Let $f(x)$ be a twice differential function defined on $(-\infty,\infty)$ such that $f(x)=f(2-x)$ and $f'(\frac{1}{2})=f'(\frac{1}{4})=0.$
Then, the minimum number of points where $f''(x)$ vanishes on $[0,2]$ is?
I have no idea how to start this, any hints would be helpful.
In addition question asks for,$$\int_{-1}^{1}f'(1+x)x^2e^{x^2}dx$$I know I have to use the Queen property here, but not sure how.
We have that
$$f'(x)=-f'(2-x)$$
Then
$$f'\left(\frac74\right)=f'\left(\frac32\right)=0$$
and also $$f'(1)=-f'(2-1)$$ which implies $f'(1)=0$.
So $f'$ has at least five zeros.
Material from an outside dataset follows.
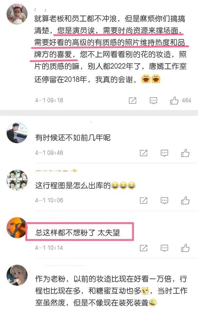底下一批粉丝在“骂”,骂工作室的有很多,指责唐嫣的也不少,基本都是说工作室“不作为”,唐嫣的化妆和造型越来越拉胯,还不如以前,甚至很多粉丝被磨得没耐心说要“脱粉”。

Rolle's theorem implies that $f''$ has at least four zeros.
Now, if you assume that $$f'(x)=\left(x-\frac12\right)\left(x-\frac14\right)\left(x-\frac74\right)\left(x-\frac32\right)(x-1)$$
then $f''$ is a fourth degree polynomial function, that can have at most four zeros.
You need also to prove that $f(x)=f(2-x)$, but we see that $f'(x)=-f'(2-x)$, and integrating we get $f(x)=f(2-x)+C$, so it suffices to pick $C=0$.